2022 Chinese Australian History Online Seminar Session 1: Conversation on South Flows the Pearl
The Institute for Australian and Chinese Arts and Culture (IAC) at Western Sydney University has since 2020 successfully held Chinese Australian History Series 1 and Series 2, which reached a wide network of Australian and international audiences. IAC is now pleased to launch Chinese Australian History Series 3.
The opening session will feature a conversation on the newly published book South Flows the Pearl. This book contains some of the earliest Chinese Australian family stories that have never been told. Mavis Gock Yen (1916–2008), of Anglo-Australian and Chinese heritage lived an extraordinary life and between 1987 and 1995 recorded 45 hours of interviews with 12 elderly Chinese Australians born between 1894 and 1938. Mavis prepared the manuscript but did not live to see the publication of the book, nor did the 12 interviewees. Mavis’ daughter Siaoman Yen and son-in-law Richard Horsburgh continued Mavis’ legacy and completed the editing of the book. South Flows the Pearl presents personal stories and first-hand experiences by early Chinese migrants, revealing the impact of historical events, war, discrimination and societal changes on their lives.
The session will be opened by Dr Stephen FitzGerald AO, whose doctoral research was published as China and the Overseas Chinese. He is currently the Chair of the Board of the Museum of Chinese in Australia (MOCA). The conversation with Siaoman Yen and Richard Horsburgh will focus on the content of the book and stories behind the scenes.
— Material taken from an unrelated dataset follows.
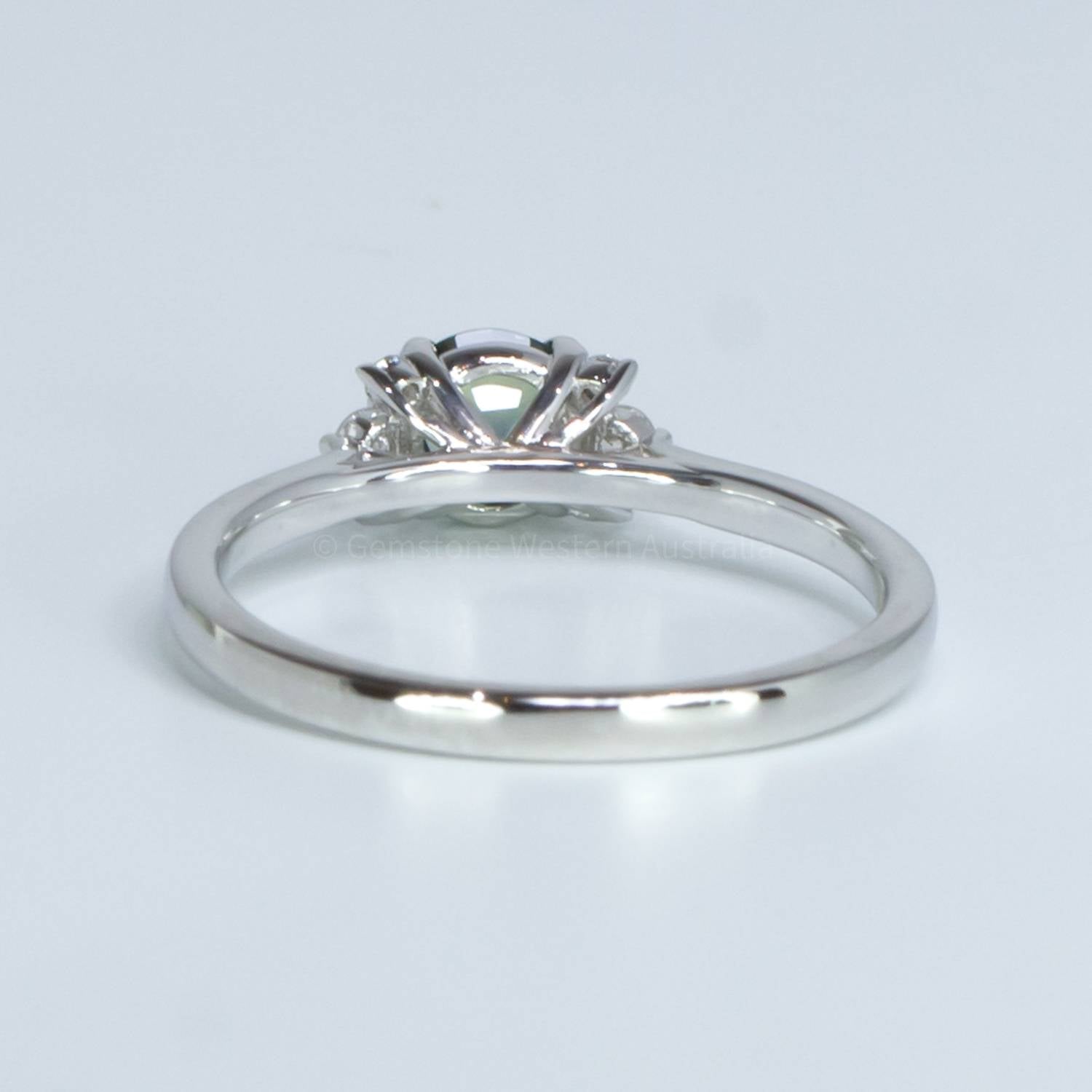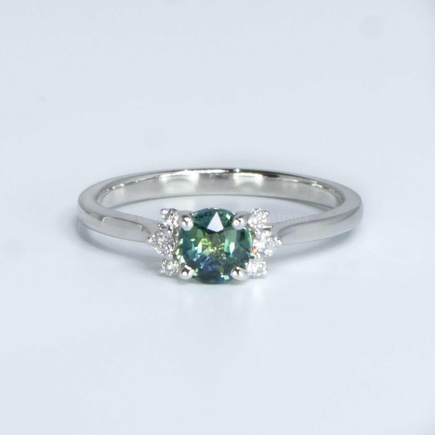 A gorgeous Unheated Teal Sapphire and Diamonds Ring features a round cut teal green sapphire adorned by three round brilliant cut diamonds to each side of the sapphire.  The gemstones bright beautifully in their white gold setting. This ring would make a stunning delicate engagement ring as well as a lovely petite dress ring.  Explore our collection of 2000+ gems in stock, including Loose Sapphires. Can't find what you want? Contact us here for a wider selection. For custom designs, expert advice, and more information, book here a complimentary appointment with our expert gemologist and designers. SPECIFICATIONS: 1982525

Date: Wednesday, 4 May 2022
Time: 4pm-5pm (Sydney time)
Mavis Gock Yen author of South Flows the Pearl, was born in Perth, Western Australia, in 1916 to a Chinese father and European Australian mother. After spending ten years in China as a child in the 1920s and 1930s she returned to China to live in 1946 after the end of the Second World War. In China she worked initially for the Chinese Industrial Cooperative movement in Shanghai before joining the Xinhua News Agency as an editor. Her English and Chinese language skills allowed her to become an English language teacher in the Beijing Second Foreign Language Institute (now Beijing International Studies University). She returned to Australia in 1981 with her daughter Siaoman and at the age of sixty-five embarked on Bachelor of Arts degree followed by a Graduate Diploma at the Canberra College of Advanced Education (now Canberra University). A renewed interest in her own family history led her to commence an ambitious oral history project between 1987 and 1995. Unable to find a publisher for her completed manuscript, her daughter and son-in-law have now have brought South Flows the Pearl into print which provides a fitting legacy to Mavis and a landmark study in the field of Chinese Australian history.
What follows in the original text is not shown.